* _Provided data_:
───

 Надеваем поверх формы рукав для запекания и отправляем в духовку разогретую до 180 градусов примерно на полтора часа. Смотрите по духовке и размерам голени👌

───

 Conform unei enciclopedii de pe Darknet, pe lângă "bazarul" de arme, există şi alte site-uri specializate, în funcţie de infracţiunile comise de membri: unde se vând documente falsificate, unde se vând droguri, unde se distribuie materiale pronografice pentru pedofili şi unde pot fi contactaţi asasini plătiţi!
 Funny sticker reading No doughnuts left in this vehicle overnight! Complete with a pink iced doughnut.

───

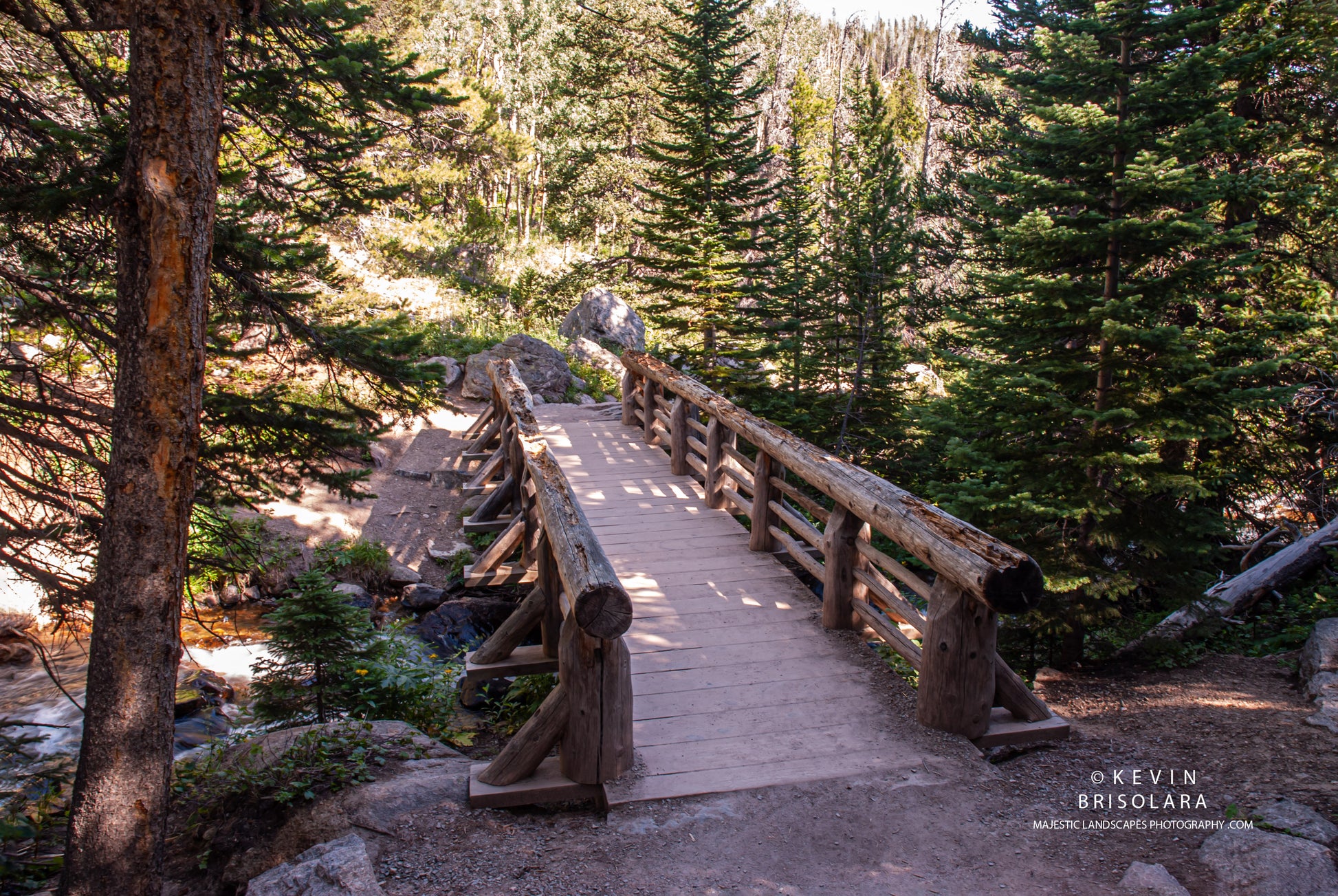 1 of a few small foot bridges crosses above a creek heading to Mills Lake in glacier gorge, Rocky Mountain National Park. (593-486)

───

* _Prompt_:
Output exactly the lines of the material above from the one containing "Conform unei enciclopedii" up to and including the one containing "Funny sticker reading".

* _Answer space_:
 Conform unei enciclopedii de pe Darknet, pe lângă "bazarul" de arme, există şi alte site-uri specializate, în funcţie de infracţiunile comise de membri: unde se vând documente falsificate, unde se vând droguri, unde se distribuie materiale pronografice pentru pedofili şi unde pot fi contactaţi asasini plătiţi!
 Funny sticker reading No doughnuts left in this vehicle overnight! Complete with a pink iced doughnut.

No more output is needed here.